Wednesday 5 May 2010

Pulling the plug on good enough residential child care - DCSF style

This was first posted on the goodenoughcaring website at http://www.goodenoughcaring.com on April 12th, 2010.
We have had a large and supportive response to our recent report of the damaging blow dealt to residential child care in England by the decision of the Department for Children, Schools and Families to cease funding the National Centre for Excellence in Residential Child Care.

Some of us may have been present at the NCB conference in Birmingham in 2005 when Bruce Clark, then the Divisional Head of the Looked After Children Division in the Department of Education and Skills announced government funding of £731,000 to establish the NCERCC. It seemed then that residential child care had been provided with a strong platform from which to establish its place as a caring discipline.

Over a number of years the idea of the NCERCC was nurtured into being by a group of people and organisations with decades of practical experience, learning, research, development and management in residential child care. It is hard for us as residential child care workers not to feel a sense of humiliation when a consultancy organisation like Tribal with no depth of experience in our field is awarded such a powerful role in our work while the views of those whom we recognise as having deep insight of our professional discipline – residential child care - are dismissed.

Of course in a world dominated by a relatively small number of people seeking high financial rewards we understand that a large commercial consultancy like Tribal may claim expertise in anything in order to win a contract. To present a tender for a contract like the one Tribal has been awarded a commercial body can usually persuade an academic - with a curriculum vitae which suggests some interest in child care issues - to climb on board. We do not know if this is the case with Tribal, though its description of its current expertise does not include residential child care.

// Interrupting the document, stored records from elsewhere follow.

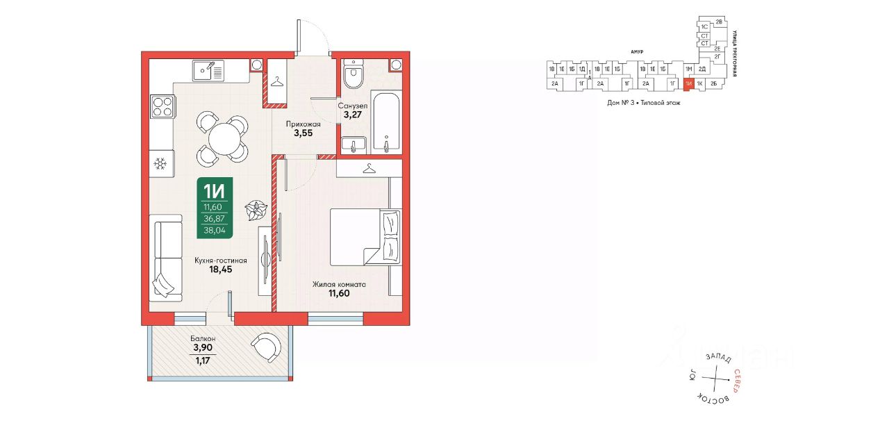Продаётся 1-комн. квартира площадью 38,03 кв.м на 3 этаже 10 этажного дома (Корпус 11, Секция 1) проекта ПИК Северный парк. Светлый просторный подъезд на уровне земли, функциональная планировка, большие окна, без отделки. ''Северный парк'' - жилой квартал в развитом Железнодорожном районе Хабаровска с закрытыми дворами-парками, школой, детским садом и спортхабом. До центра города получится добраться за 10 минут на автомобиле. ''Северный парк'' возводится на пересечении улиц Воронежской и Совхозной, в 10 минутах езды от центра Хабаровска. В проекте будет 30 корпусов. На входе в жилой квартал появится Welcome plaza - площадь с малыми архитектурными формами. Входы в подъезды ''Северного парка'' мы сделаем на уровне земли для комфортного перемещения по территории квартала любым способом: пешком, на самокате или с коляской. Благодаря панорамному остеклению, которое пропускает много естественного света, первые этажи будут просторные и светлые. В квартирах предусмотрены большие окна, застеклённые балконы и лоджии - будет светло и уютно даже зимой. Все квартиры сдаются с предчистовой или полной отделкой на выбор. В каждом дворе будет парк - тихое приватное пространство для жителей, где красиво и уютно в любое время года и можно расслабиться после рабочего дня. Через весь квартал протянется широкий пешеходный бульвар с велодорожками, велопарковками, зонами для отдыха, детскими и спортивными площадками. В ''Северном парке'' будет всё необходимое для комфортной жизни: на первых этажах откроются магазины, кафе и полезные сервисы. Внутри жилого квартала запланировано строительство школы и детского сада. Для удобства жителей предусмотрены многоуровневые паркинги, индивидуальные кладовые и колясочные. Артикул 989149 (Застройщик ООО ''СЗ ПРОЕКТ СТРОЙ'')
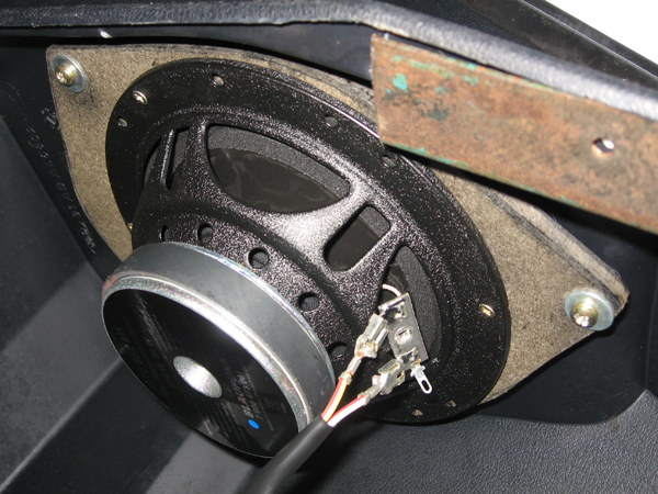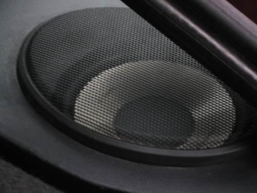 12. demontujemy stare maskownice... plastik wywalamy, a czarną siatke z gumą wciskamy z powrotem w otwory na głosniki. zaginamy o 90 stopni na zewnatrz "języczki" maskownic, bo inaczej będą nam przeszkadzac w prawidłowym montarzu przejsciowek.
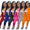 9710# Estação Independente Amazon Moda Feminina Europeia e Americana Mais Vendida Conjunto Esportivo de Duas Peças com Zíper Bordado com Letras
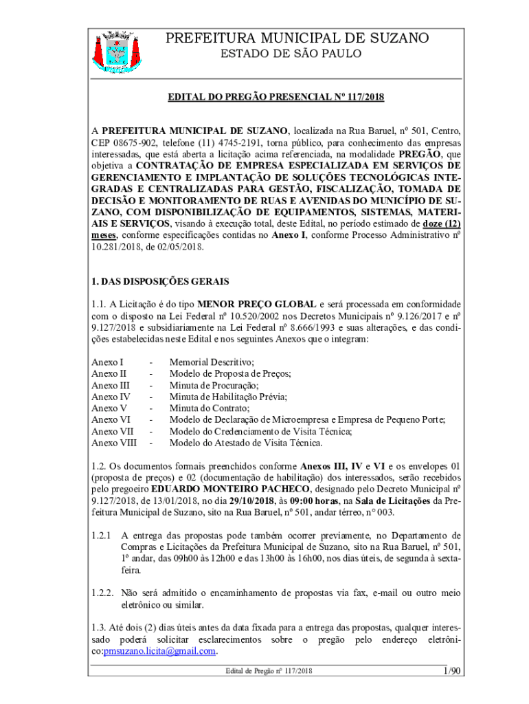 ESTATE DE SO PAULOEDITAL DO PRESO PRESENCE N 117/2018A PREFECTURE MUNICIPAL DE SUZANA, localized Na RUA Barrel, n 501, CENTR,
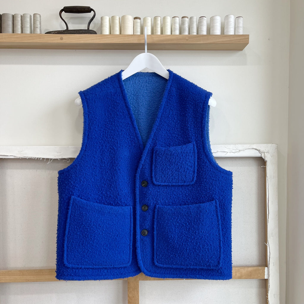This reversible vest is made from a hefty Casentino Wool. The wool is sourced in Italy and characterized by the curls and wisps that give it an amazing texture. It is naturally temperature regulating and water resistant. One side is a cheerful periwinkle blue. The other is a vibrant 'china' (as in the plates) blue.
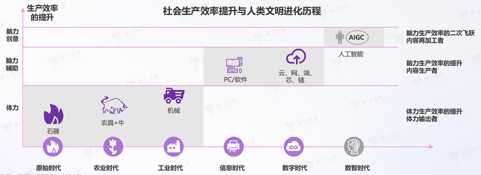 人類文明演進依次走過了原始時代、農業時代、工業時代、信息時代、數字時代,到今天的數智時代,每個時代的代表性生產工具都不同。所有 生產工具反映的都是生產效率的提升能力。數字時代的云、網、端、芯、鏈等數字工具,除了體力效率的提升之外,還有腦力效率的輔助作用, ChatGPT所代表的AIGC工具的出現,標志著人類生產效率出現了D二次腦力效率飛躍,是新一輪生產力的躍遷,真正實現從體力效率提升向腦力 效率提升的轉變,這將推動人類社會發生深遠變革,其意義不亞于新時代的蒸汽機。
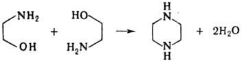 Получают пиперазин циклизацией этилендиамина и полиэтилен-полиаминов при 175-2000C в присут. Ni, Со, Cu или Pt, а также дегидратацией моно-, ди- и триэтаноламина или их смесей с алкилендиаминами в присут. ZnCl2, H3PO4, Al2O3 или Ni на Al2O3 при 150-3000C и давлении (H2 + NH3) 10-25 МПа, напр.:
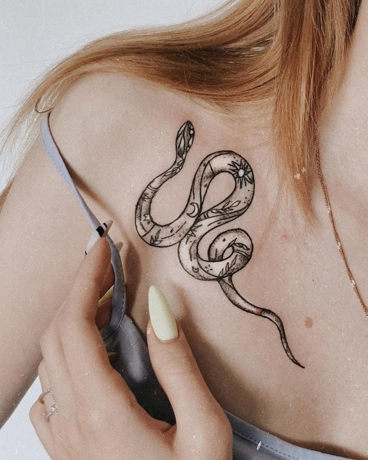 Кстати, значение тату со змеей может изменяться в зависимости от использованных элементов декора или места нанесения.

It may be that Tribal matters are a sideshow in this. The overwhelming majority of responses to our report identified the real villain of the piece as the DCSF. In pulling the plug on the NCERCC, not it seems despite of the latter's good work but, so it claims, because of it, DCSF is pulling the plug – in the way that its predecessors have done over many decades – on any informed and genuine intention to provide good enough residential child care. (Posted, April 12th, 2010).

Comments

Richard Rollinson writes, “Many of you will know I endorse the positions set out by Adrian Ward and Charles Sharpe on the goodenoughcaring website. After a conversation with John Kemmis, [of Voice for the Child in Care ] I have agreed to write to Paul Ennals at the National Children’s Bureau where NCERCC was based to emphasise the depth and intensity of the dismay felt by so many across our sector. Before NCERCC residential child care was seen as the "poor relation" of children's services and government/social policies. In light of all these comments, my communication to Paul will be brief, and forwarded with it will be the communications amongst ourselves to give it the reality and strong feeling it represents in our collective view. I am encouraged that neither a holiday period nor the start of an election has dimmed our strength of feeling”.

Adrian Ward comments, "I agree wholeheartedly with the concerns you have raised, and feel that DCSF has acted in a wholly destructive way towards NCERCC and the whole sector. There was no consultation whatsoever about the diversion of funds from NCERCC's remit into this 'Support and Challenge' programme, and as far as one can see DCSF is taking no responsibility for the consequences of its actions. NCERCC has helped to create and develop some outstanding projects such as the Children's Residential Network which have brought real value to young people by promoting and supporting good practice, and the risk is that this work will be lost, as I'm sure NCB doesn't have the money to continue any funding".


John Burton writes, "Politicians are guided by self-interested groups and have no idea of the results of their decisions. This doesn’t absolve them from responsibility. All government policy can be seen as a sophisticated system of denying accountability and passing it down to the lowest level possible – to people who are actually trying to do the work with commitment and belief. And the new legislation and guidance then makes it even more difficult to do the real work. Look at the Care Quality Commission response to the failure of inspection at the care home where Rachel Baker was convicted of manslaughter last week. It is high time we spoke out and I applaud your opinion piece".

Chris Taylor comments, " NCERCC has done well on what seems like quite a small budget, and residential care needs a unifying and professionalising voice. I know nothing about Tribal, but note that although they claim their "expertise spreads across many markets" they do not mention any form of childcare, let alone residential care. They do offer a range of services in education, perhaps a return to the old Children's Homes with Education model. I also doubt that NCERCC will be the only casualty of the desperate need to reduce both deficit and debt...residential care has always been a soft target".